• _Work order_
From the first line to the last, set down the material exactly, leaving out its pictures.

• _Dataset_
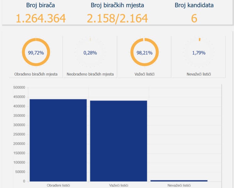 24.11.2025. | 11:31Prema podacima CIK-a, na jučerašnjim prijevremenim izborima za predsjednika Republike Srpske bilo je 1,79 odsto nevažećih glasačkih listića, što je 7.862 od ukupnog broja glasova.
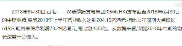 凈利增長30倍!說說漢能中報(bào)背后的故事
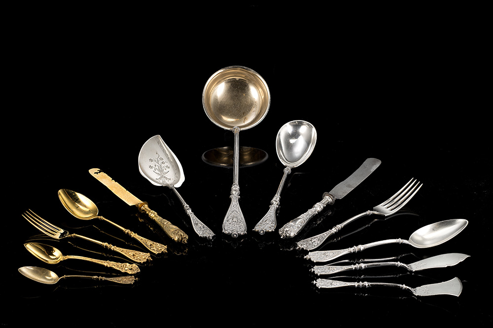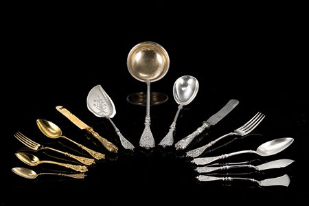 Servizio di posate in argento e vermeille composto da ventidue forchette, ventidue coltelli e dodici cucchiai, dodici forchette, dodici coltelli e dodici cucchiai da frutta, undici cucchiai da tè e cinque posate a servire. Manici con decori alla "berain" e mascheroni. Germania, fine secolo XIX (g tot. 5390 ca.)
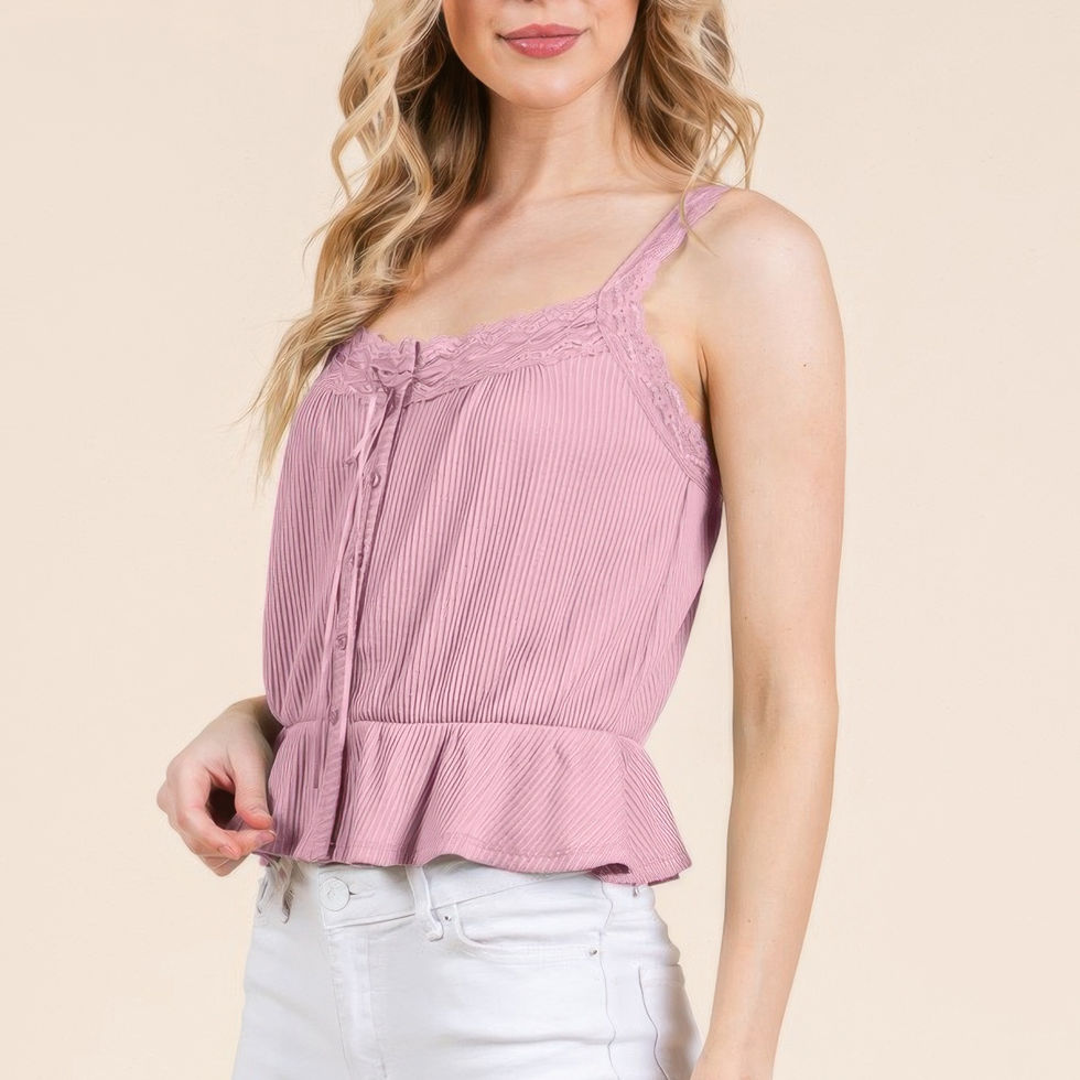 Add a touch of elegance and charm to your wardrobe with our Lace Peplum Tie Front Ribbed Cami Top in Pink Mousse. Order now and experience the perfect blend of style, comfort, and versatility!
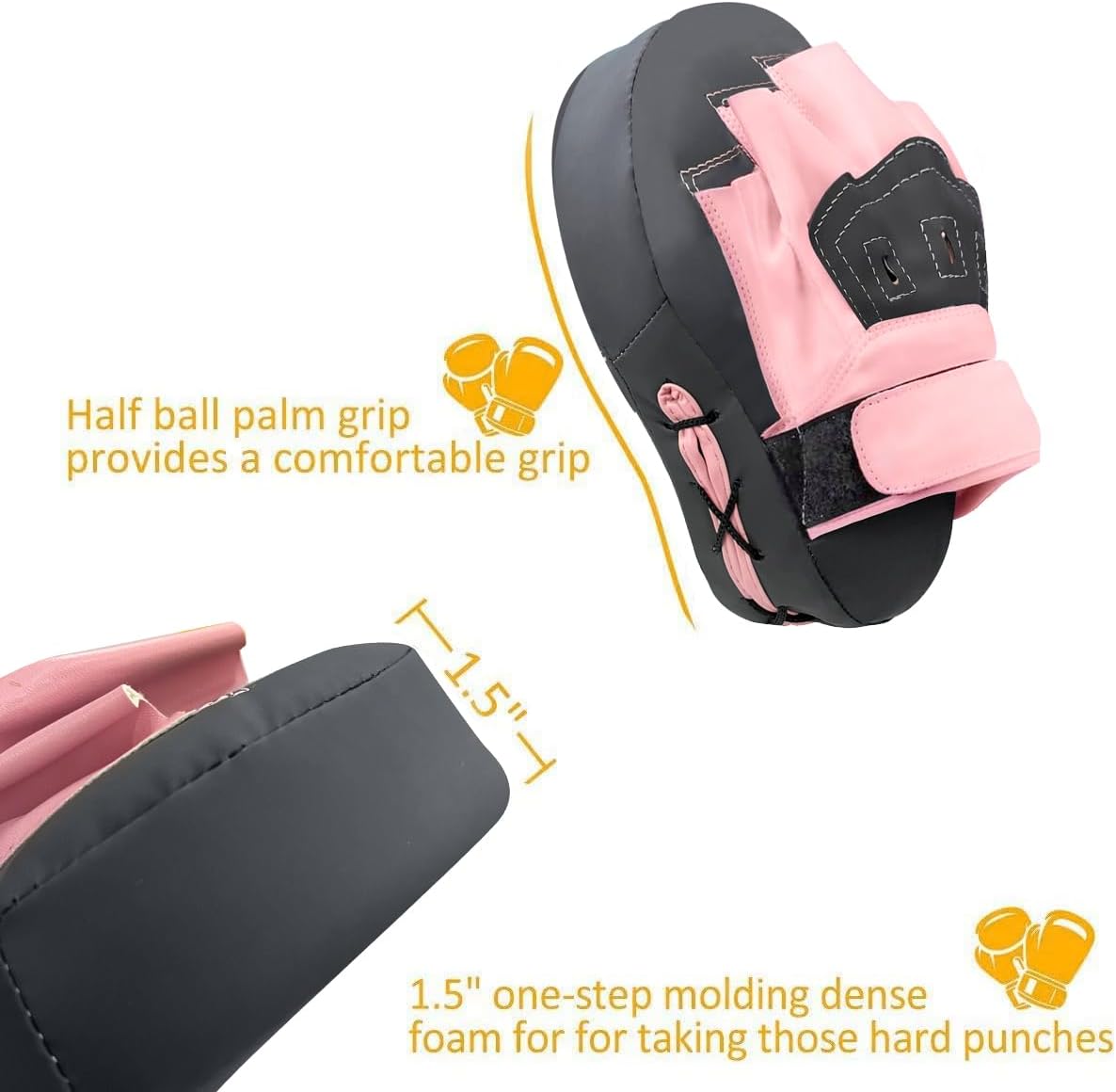 - Wear-Resisting Padding:1.5 inches one-step molding dense foam for taking those hard punches. Thick but lightweight hand pads help you from feeling pain after mitt workouts, and also provide more flexibility with a variety of strikes and styles
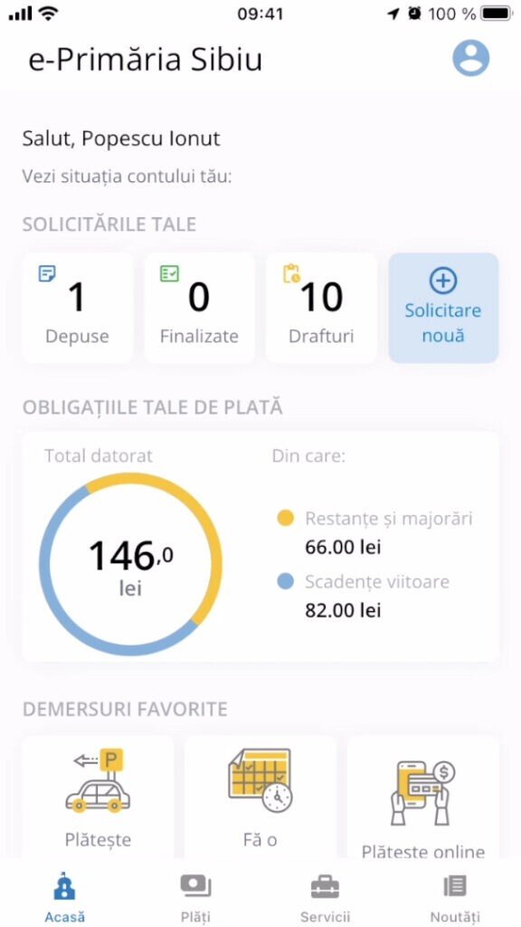 - Aceasta este în primul rând un instrument de plată. Toate cele peste 100 de tipuri de plăți pe care le puteți efectua pe platforma de e-administrație și la ghișeul digital, le puteți realiza și în aplicație. Condiția este să aveți un cont validat cu aplicația certMe, o măsură pentru siguranța datelor dumneavoastră.
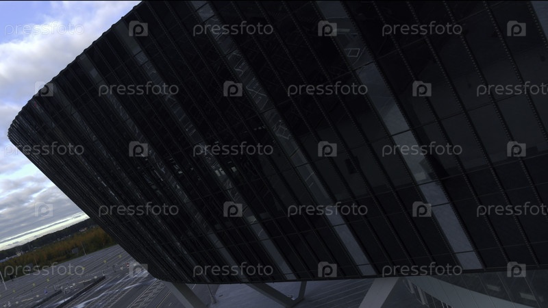 Летание вокруг стеклянного здания, выставочного центра. Фотосъемки. Концепция дизайна современной архитектуры
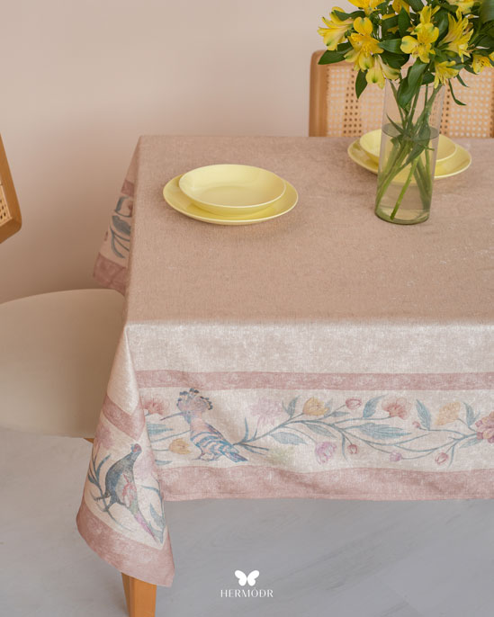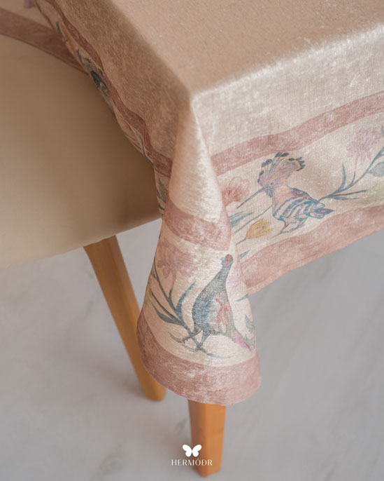 Скатерть выполнена из шелковистого бархата: она мягкая на ощупь, устойчива к выцветанию и сохраняет форму после стирок. Материал подходит для регулярного использования и не требует сложного ухода. Скатерть защищает поверхность стола и одновременно выполняет декоративную функцию — её можно использовать отдельно или сочетать с раннером и посудой.
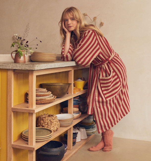 Our Sandstone Pembroke Stripe cotton hair wrap is a haircare must-have for your post-shower routine. The super soft and absorbent fabric will soak up excess moisture to cut down on drying time, and it’s perfect for keeping your pillow clean when indulging in an overnight hair mask. Our hair wraps feature a handy elasticated loop and corozo button for easy fastening.
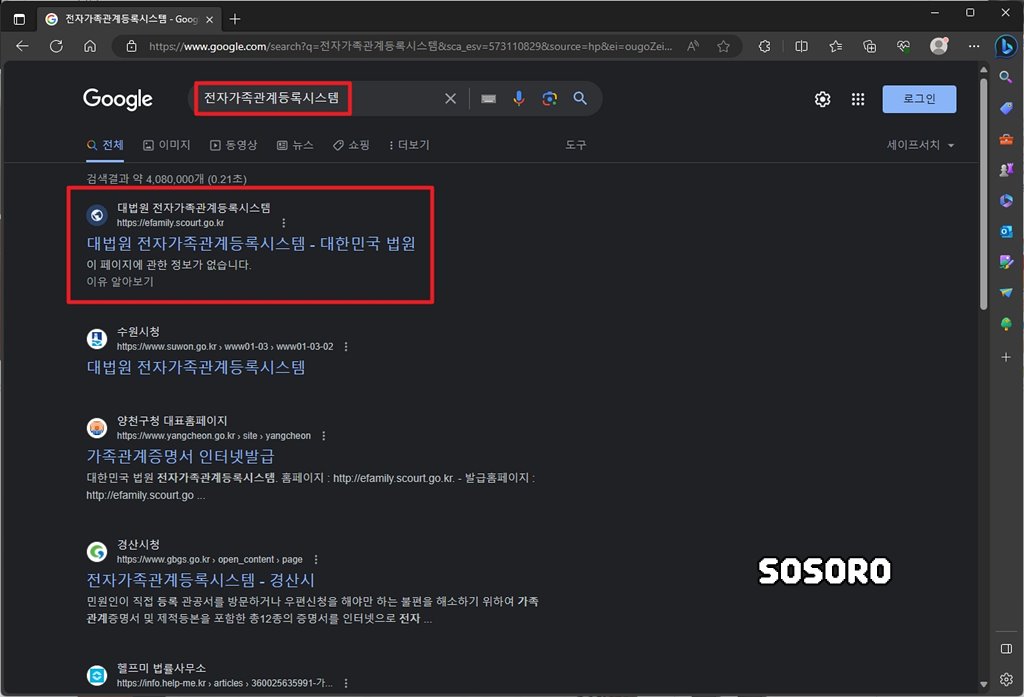 자주 사용하는 포털 사이트에 [전자가족관계등록시스템]을 검색해 줍니다. 검색을 하신 다음에 공식 홈페이지를 클릭해 들어가 주세요.

• _Response box_
 24.11.2025. | 11:31Prema podacima CIK-a, na jučerašnjim prijevremenim izborima za predsjednika Republike Srpske bilo je 1,79 odsto nevažećih glasačkih listića, što je 7.862 od ukupnog broja glasova.
 凈利增長30倍!說說漢能中報(bào)背后的故事
 Servizio di posate in argento e vermeille composto da ventidue forchette, ventidue coltelli e dodici cucchiai, dodici forchette, dodici coltelli e dodici cucchiai da frutta, undici cucchiai da tè e cinque posate a servire. Manici con decori alla "berain" e mascheroni. Germania, fine secolo XIX (g tot. 5390 ca.)
 Add a touch of elegance and charm to your wardrobe with our Lace Peplum Tie Front Ribbed Cami Top in Pink Mousse. Order now and experience the perfect blend of style, comfort, and versatility!
 - Wear-Resisting Padding:1.5 inches one-step molding dense foam for taking those hard punches. Thick but lightweight hand pads help you from feeling pain after mitt workouts, and also provide more flexibility with a variety of strikes and styles
 - Aceasta este în primul rând un instrument de plată. Toate cele peste 100 de tipuri de plăți pe care le puteți efectua pe platforma de e-administrație și la ghișeul digital, le puteți realiza și în aplicație. Condiția este să aveți un cont validat cu aplicația certMe, o măsură pentru siguranța datelor dumneavoastră.
 Летание вокруг стеклянного здания, выставочного центра. Фотосъемки. Концепция дизайна современной архитектуры
 Скатерть выполнена из шелковистого бархата: она мягкая на ощупь, устойчива к выцветанию и сохраняет форму после стирок. Материал подходит для регулярного использования и не требует сложного ухода. Скатерть защищает поверхность стола и одновременно выполняет декоративную функцию — её можно использовать отдельно или сочетать с раннером и посудой.
 Our Sandstone Pembroke Stripe cotton hair wrap is a haircare must-have for your post-shower routine. The super soft and absorbent fabric will soak up excess moisture to cut down on drying time, and it’s perfect for keeping your pillow clean when indulging in an overnight hair mask. Our hair wraps feature a handy elasticated loop and corozo button for easy fastening.
 자주 사용하는 포털 사이트에 [전자가족관계등록시스템]을 검색해 줍니다. 검색을 하신 다음에 공식 홈페이지를 클릭해 들어가 주세요.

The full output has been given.